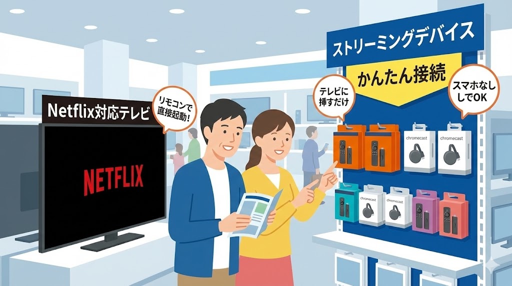 今のテレビがNetflix非対応であれば、買い替える代わりにストリーミングデバイスを追加するのも現実的な選択です。
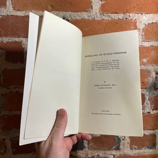 Schelling: Of Human Freedom - James Gutmann - 1936 Open Court Publishing Company Softcover - Rare Existentialism Text
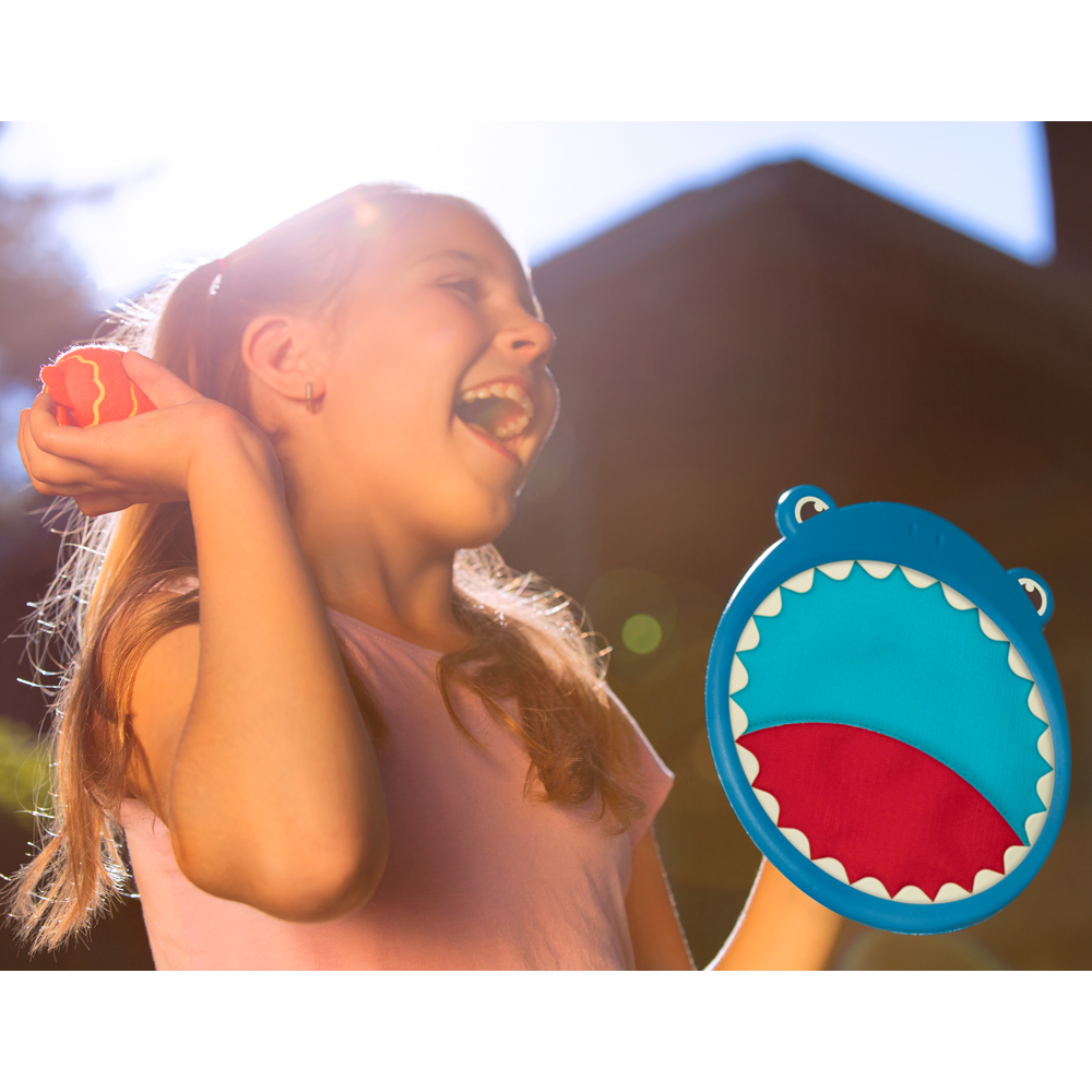Werfen, fangen, freilassen! Mit Finley dem Hai und dem lustigen kleinen Fisch wird dieses Fangspiel zur coolen Aktiv-Challenge f Kinder ab 3 Jahren. Die Schler mit verstellbaren Riemen passen prima er kleine Kinderhde und sorgen nicht nur f fantastischen Spielspa sondern verbessern auch die Auge-Hand-Koordination! Ein tolles Spiel f den eigenen Garten, den Park, den Strand ...

-------

### Try it
Exactly as written, return each line above and leave the pictures behind.

### Expected answer
 今のテレビがNetflix非対応であれば、買い替える代わりにストリーミングデバイスを追加するのも現実的な選択です。
 Schelling: Of Human Freedom - James Gutmann - 1936 Open Court Publishing Company Softcover - Rare Existentialism Text
Werfen, fangen, freilassen! Mit Finley dem Hai und dem lustigen kleinen Fisch wird dieses Fangspiel zur coolen Aktiv-Challenge f Kinder ab 3 Jahren. Die Schler mit verstellbaren Riemen passen prima er kleine Kinderhde und sorgen nicht nur f fantastischen Spielspa sondern verbessern auch die Auge-Hand-Koordination! Ein tolles Spiel f den eigenen Garten, den Park, den Strand ...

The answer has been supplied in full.